Nonetheless, the availability of Microsoft email security products does make the work of other vendors offering email security for O365 that little bit harder. Indeed, one might wonder, "If I'm already getting EOP, why do I need a SEG?"
One could ask a similar question with regard to ATP and the newer generation of email security vendors, which for simplicity's sake, Omdia calls simply the non-SEGs. (A competing research firm refers to these vendors with acronyms including IESS and CESS, but they don't seem to be catching on in the market, perhaps because no vendor wants to be classified as being in the CESS pool!)
However, both SEGs and non-SEGs insist that their detection and remediation capabilities are much better than Microsoft's, citing the number of corporate customers that use them, despite the availability of EOP and ATP.
Meanwhile the non-SEG vendors, all of whom are far smaller than the big SEG players, argue that a combination of Microsoft EOP, to stop the common-or-garden email-bound threats, and their technology for protection against the more advanced attacks, is a cheaper and more effective alternative to the SEGs, even though many of the latter have also added protection from phishing, BEC, and so on in recent years.
Email as a Fourth Pillar of XDR
As Omdia was finalizing the report, one of the most interesting of the non-SEGs was acquired by a security industry heavyweight, with Check Point buying Avanan.

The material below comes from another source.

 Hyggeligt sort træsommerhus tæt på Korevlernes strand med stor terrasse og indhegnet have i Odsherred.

Omdia highlighted Avanan as a leader in the space, despite its minuscule size compared with the likes of fellow leaders Proofpoint and Mimecast, because of its differentiated technical approach: It started out as an API-based non-SEG like the rest, then added an inline inspection capability to sit after, rather than before, the email service, casting itself as a "last line of defense." It also covers other software-as-a-service applications besides O365 and Gmail, including Box, Dropbox, Teams, and Slack.
The acquisition, aside from bolstering Check Point's email security offering, also highlights a broader trend, namely the integration of data from email security products into so-called extended detection and response (XDR) platforms. XDR takes telemetry from multiple security tools (particularly in the areas of endpoint, network, and cloud), analyzes it centrally, usually in a cloud-based data lake, and then takes decisions about remedial actions and pushes them back out to the individual tools for enforcement. And email is fast becoming the fourth obligatory pillar.

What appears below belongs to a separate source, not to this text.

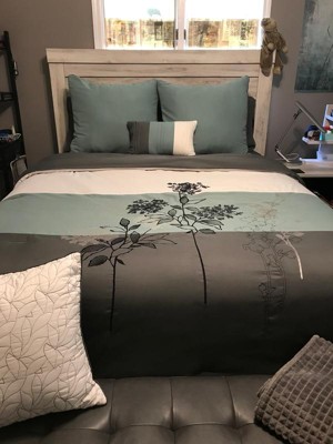 8pc Queen Emilie Comforter Set Ivory/Gray/Blue - Riverbrook Home: Quilted Floral Bedding with Decorative Pillows & Shams

Figure 2: The four pillars of XDR. Source: Omdia
This situation favors those security vendors with portfolios covering all the pillars required to feed telemetry to an XDR platform. Three of the top five SEG players, Broadcom/Symantec, Cisco, and Barracuda, fall into that category. Numbers 1 and 2 on the list, however, are Proofpoint and Mimecast, neither of which are broad-based security players, so both must rely on integrations with partners' products if customers want to use them in an XDR deployment. Meanwhile, Check Point has already stated that the Avanan product will integrate with its Infinity architecture, which is its XDR offering.
Looking Ahead: The Future of Email Security
Omdia forecasts growth in the cloud-based SEG-as-a-service portion of the SEG market through 2024, when it should reach $2 billion, up from last year's $1.6 billion.
But which vendors are best placed to take advantage of that growth? Will it be existing SEG vendors, emerging players, or indeed, will Microsoft itself seek to mop up that extra email security spending by enterprises?
While Omdia believes competition will remain robust in all segments of the email security market, observers should watch Microsoft carefully. The vendor has promised to invest $20 billion in security during the next five years, quadrupling its current spending. Should Microsoft decide to add to its existing email security offerings, or merely make access more challenging or costly for email security vendors, the ramifications would be felt far and wide.